The exercise calls for the lines from the one containing "2018年度淮安市住建系统安全生产先进单位" to the end of the data below to be output exactly, pictures excluded.

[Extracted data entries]
• • • • • • •
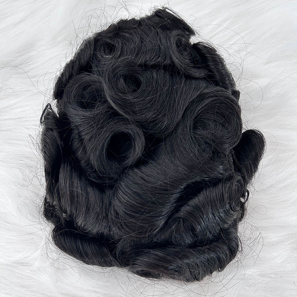 Moins cher indien remy postiches fabrique naturel noir bouclé vague mince peau permanente mono + pu remplacement de cheveux hommes toupet
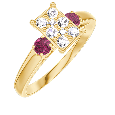 « L'ATELIER » Nº210441Bague Or jaune 18 carats - Cluster de diamants naturels Rectangle équivalent 0.7 - Pierres de côté Rubis
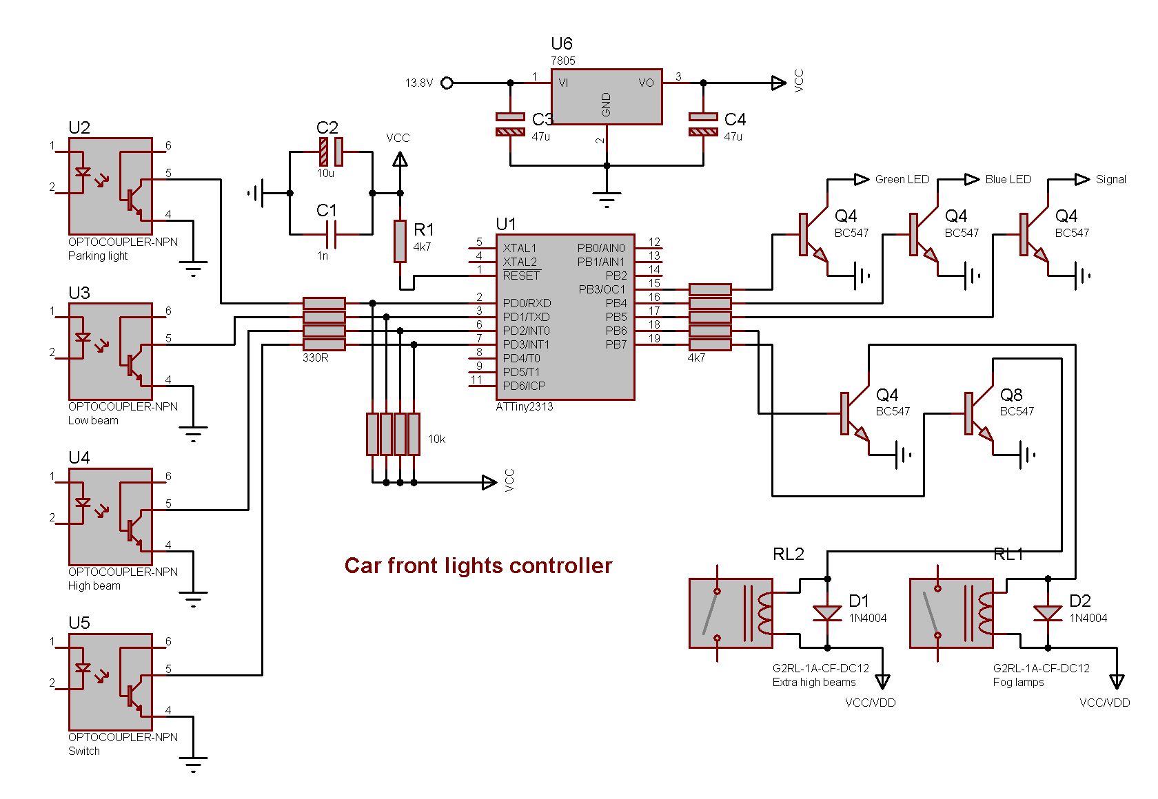 Lights controller for high beams and fog lights on my Subaru. Uses an AVR ATtiny2313 microcontroller.
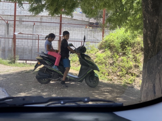 Kids there learn pretty young to ride scooters. (Not sure he's really supposed to...)
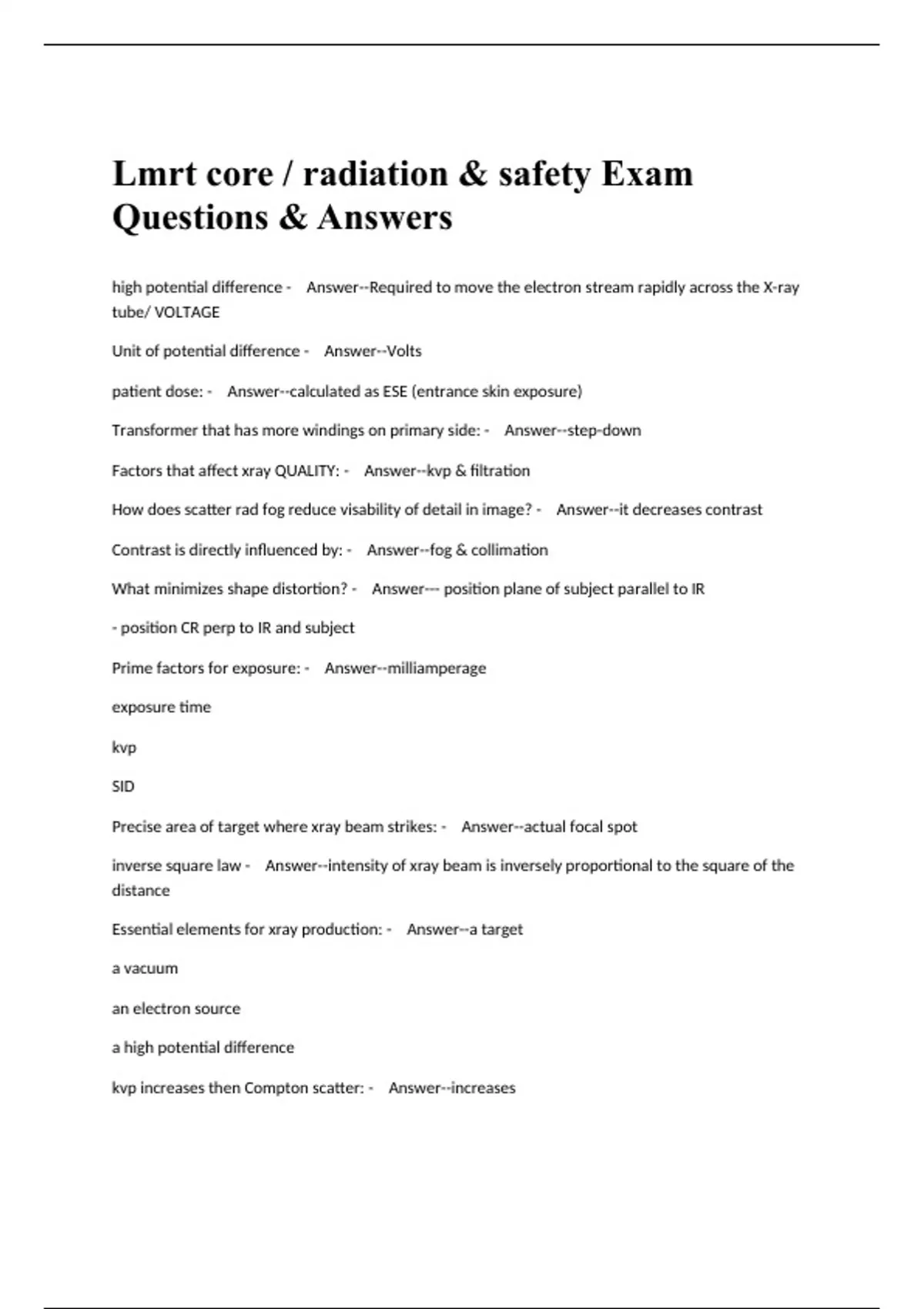 Lmrt core ,radiation & safety Exam Questions & Answers.
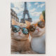 Two stylish cats pose in front of the Eiffel Tower, rocking sunglasses and capturing the ultimate travel selfie on a sunny day in Paris.
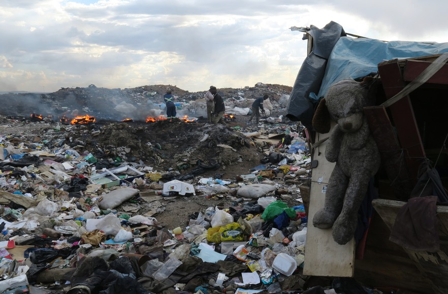 Scores of waste pickers were on the site in search of recyclable materials. Noxious plumes of thick, black smoke rose from several fires where waste pickers burned off rubber and plastic encasing any metal that can be sold for recycling. This included old tyres. Meanwhile, old fires continue to smoulder within the mountain of waste.
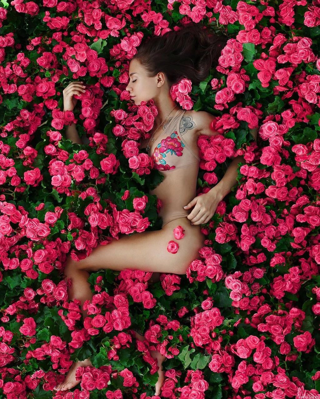 На картинке изображена женщина, лежащая среди цветов с закрытыми глазами. Она, кажется, отдыхает или спит. Цветы ярко-розовые и выглядят как розы, что позволяет предположить, что они могут быть использованы в художественном контексте или в декоративных целях. Фон не виден из-за плотного цветочного дисплея, окружающего ее.
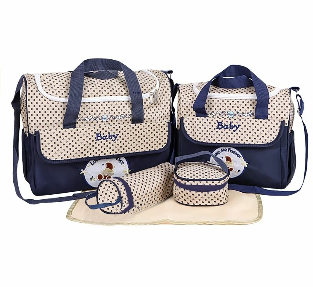 Perfect for parents on the go, this 5-piece diaper bag set includes two large bags, bottle holder, diaper mat, and accessory pouch. Made from durable materials with a cute polka dot design, it's spacious and organized. Ideal for everyday use or travel, keeping all baby essentials accessible and tidy.
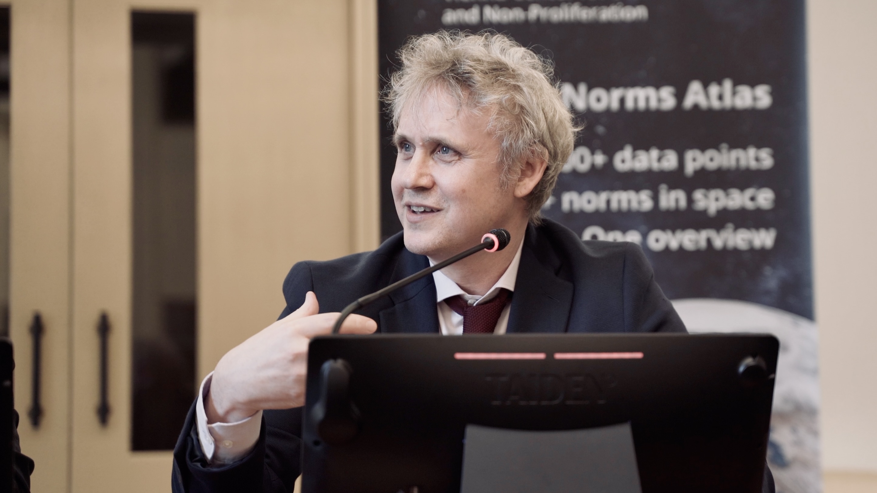 He highlighted the important contribution of the Space Norms Atlas in providing a central overview of States’ proposals for space security mechanisms that, so far, have been dispersed in hundreds of records across years of UN meetings. He stressed that the Space Norms Atlas can help States move their discussions from principles to concrete proposals, especially in the Open-Ended Working Group on PAROS in All its Aspects.
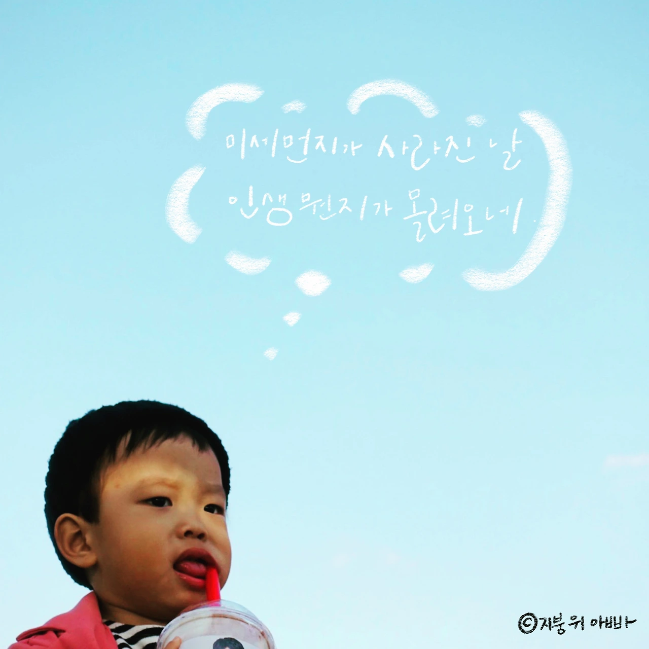 미세먼지가 사라진 날,인생 뭔지가 몰려오네.일상이 먼지인생이 뭔지.주말에 캠핑이나 가요. 아빠~
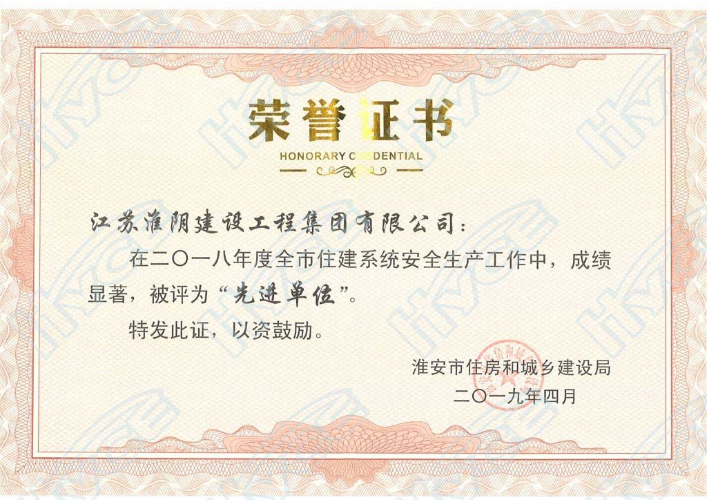 2018年度淮安市住建系统安全生产先进单位
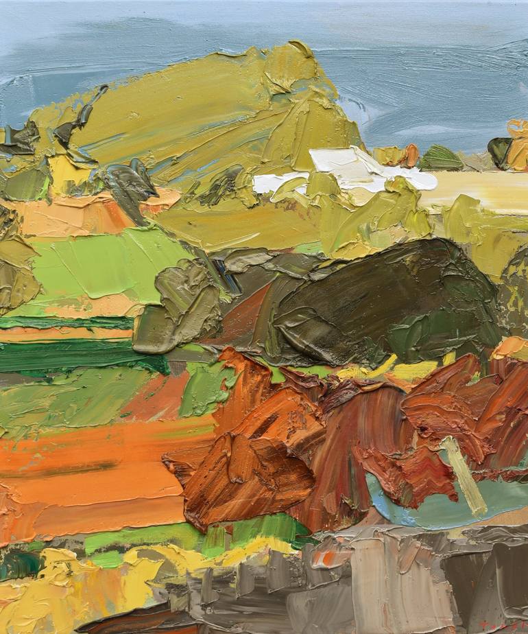 The painting represents views of autumn vineyards as observed from the car when driving through the Clare Valley. I combine the moving views to make an abstract design. This is the area I live in and it is scenery that is familiar and very dear to me. The artwork is made with highest quality artist...
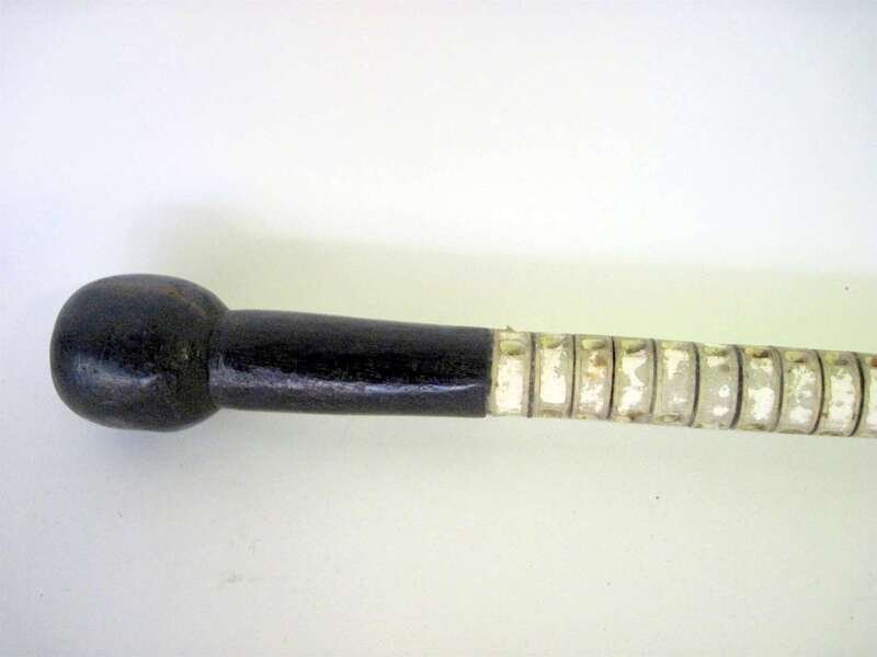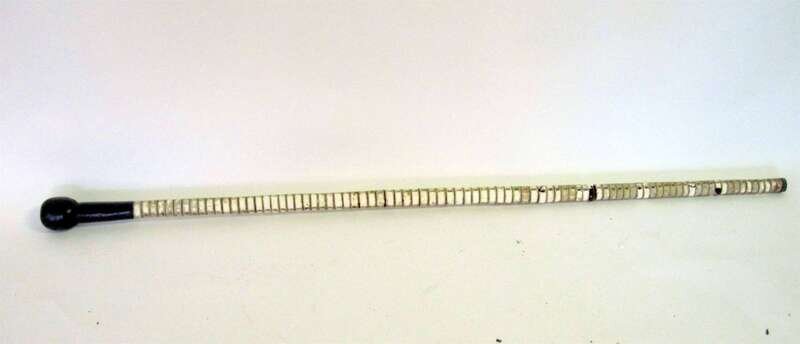 With an ebonized handle leading to a cylindrical shaft.
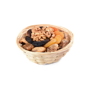 سلة تقليدية مصنوعة من الخوص تعبق بأصالة النكهات الطبيعية. تضم مزيجًا من التين المجفف عالي الجودة، المشمش الذهبي، مشمش اليوم المجفف تحت الشمس، والجوز الغني بالعناصر الغذائية. كل قطعة تم تنسيقها بدقة لتقدم لك هدية طبيعية تليق بكل مناسبة.
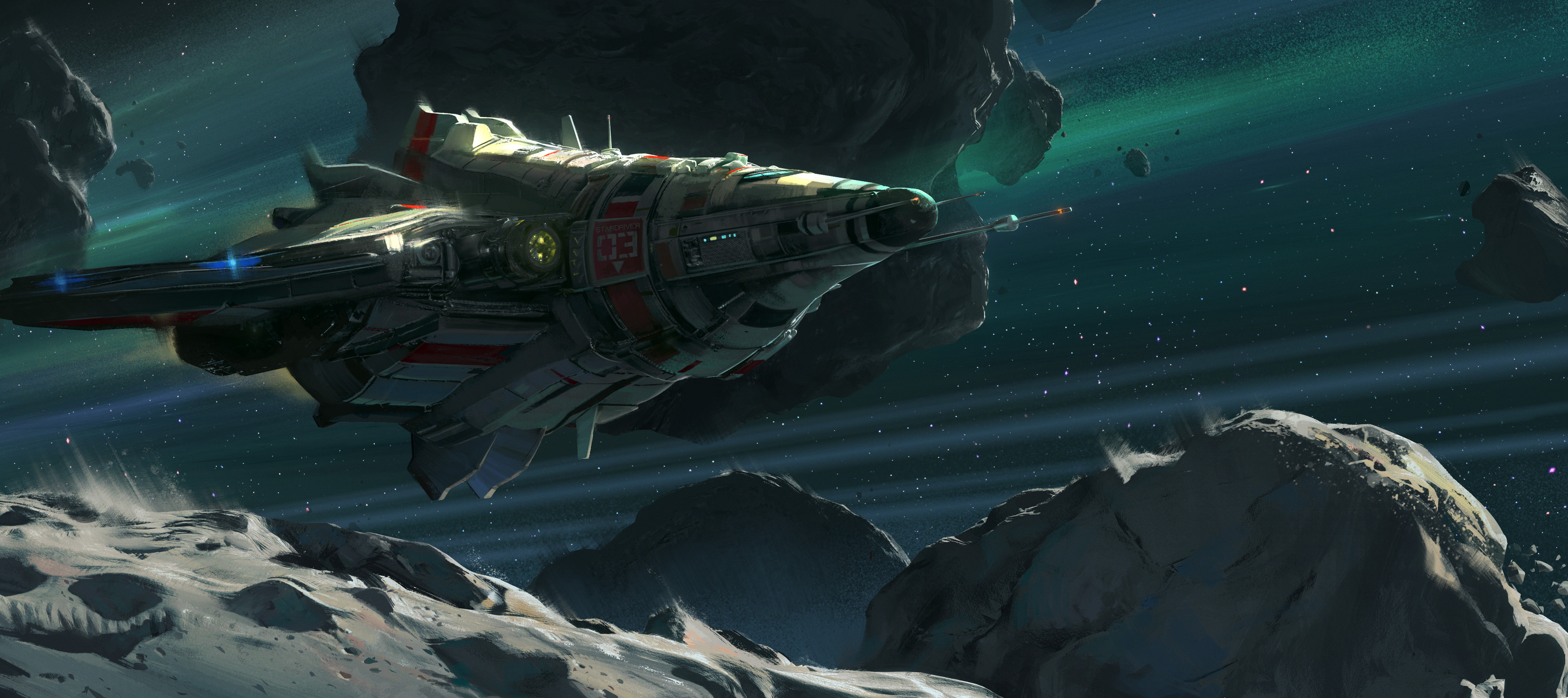 absurdres asteroid commentary crimsonsword03 english_commentary floating_rock highres landscape light_trail no_humans original outdoors painterly scenery sky space spacecraft star_(sky) starry_sky sunlight
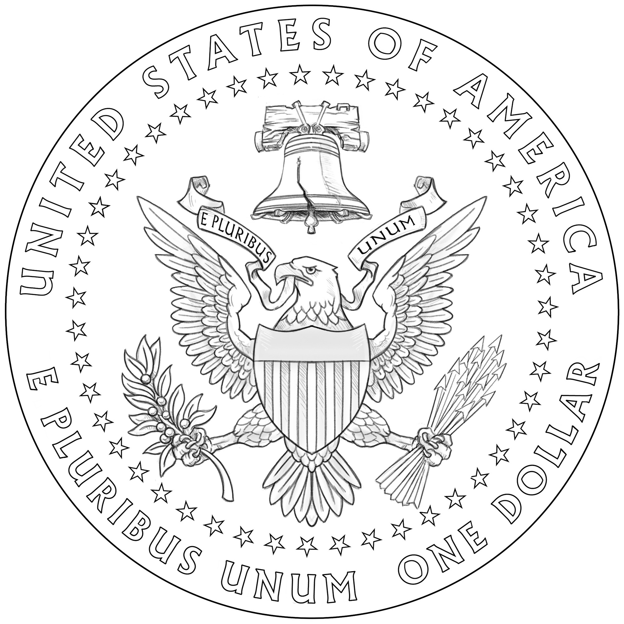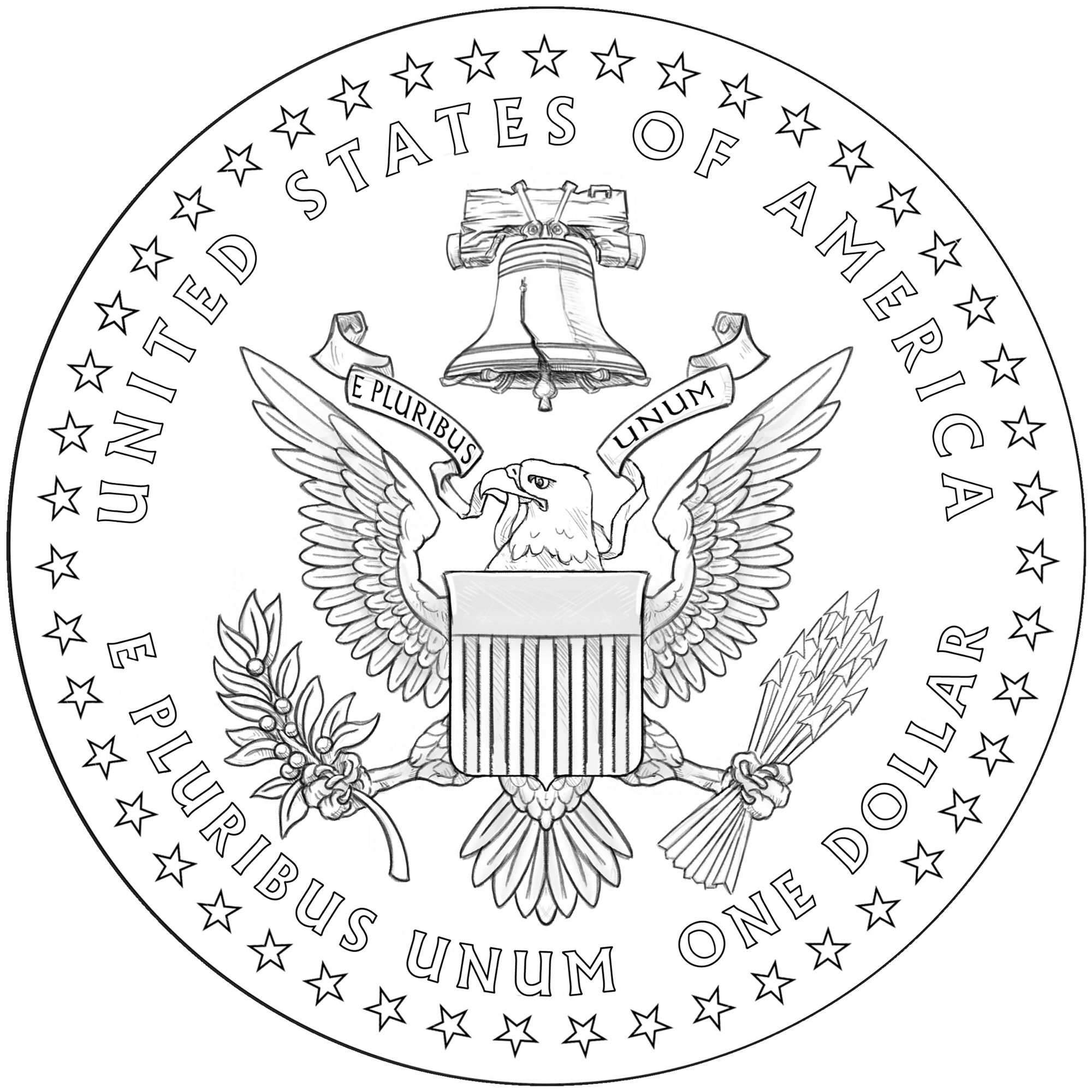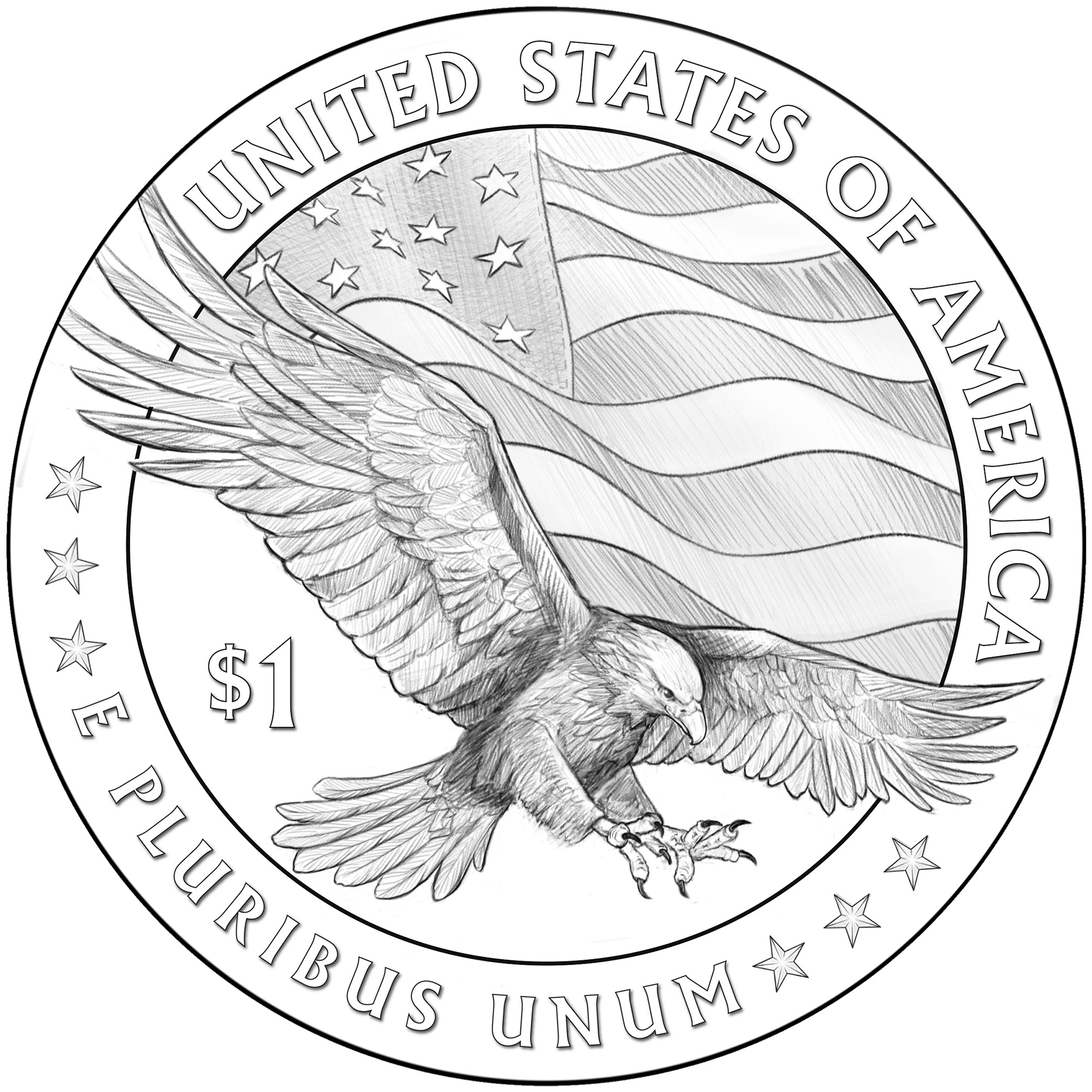 背面设计方案拟议背面设计方案则有8种之多,图案中央为一只鹰。不同设计上的铭文各不相同,但均包含“UNITED STATES OF AMERICA”(美利坚合众国)、“E PLURIBUS UNUM”(合众为一)和“ONE DOLLAR”(一美元)等字样。
• • • • • • •
▸ Response to this task:
 2018年度淮安市住建系统安全生产先进单位
 The painting represents views of autumn vineyards as observed from the car when driving through the Clare Valley. I combine the moving views to make an abstract design. This is the area I live in and it is scenery that is familiar and very dear to me. The artwork is made with highest quality artist...
 With an ebonized handle leading to a cylindrical shaft.
 سلة تقليدية مصنوعة من الخوص تعبق بأصالة النكهات الطبيعية. تضم مزيجًا من التين المجفف عالي الجودة، المشمش الذهبي، مشمش اليوم المجفف تحت الشمس، والجوز الغني بالعناصر الغذائية. كل قطعة تم تنسيقها بدقة لتقدم لك هدية طبيعية تليق بكل مناسبة.
 absurdres asteroid commentary crimsonsword03 english_commentary floating_rock highres landscape light_trail no_humans original outdoors painterly scenery sky space spacecraft star_(sky) starry_sky sunlight
 背面设计方案拟议背面设计方案则有8种之多,图案中央为一只鹰。不同设计上的铭文各不相同,但均包含“UNITED STATES OF AMERICA”(美利坚合众国)、“E PLURIBUS UNUM”(合众为一)和“ONE DOLLAR”(一美元)等字样。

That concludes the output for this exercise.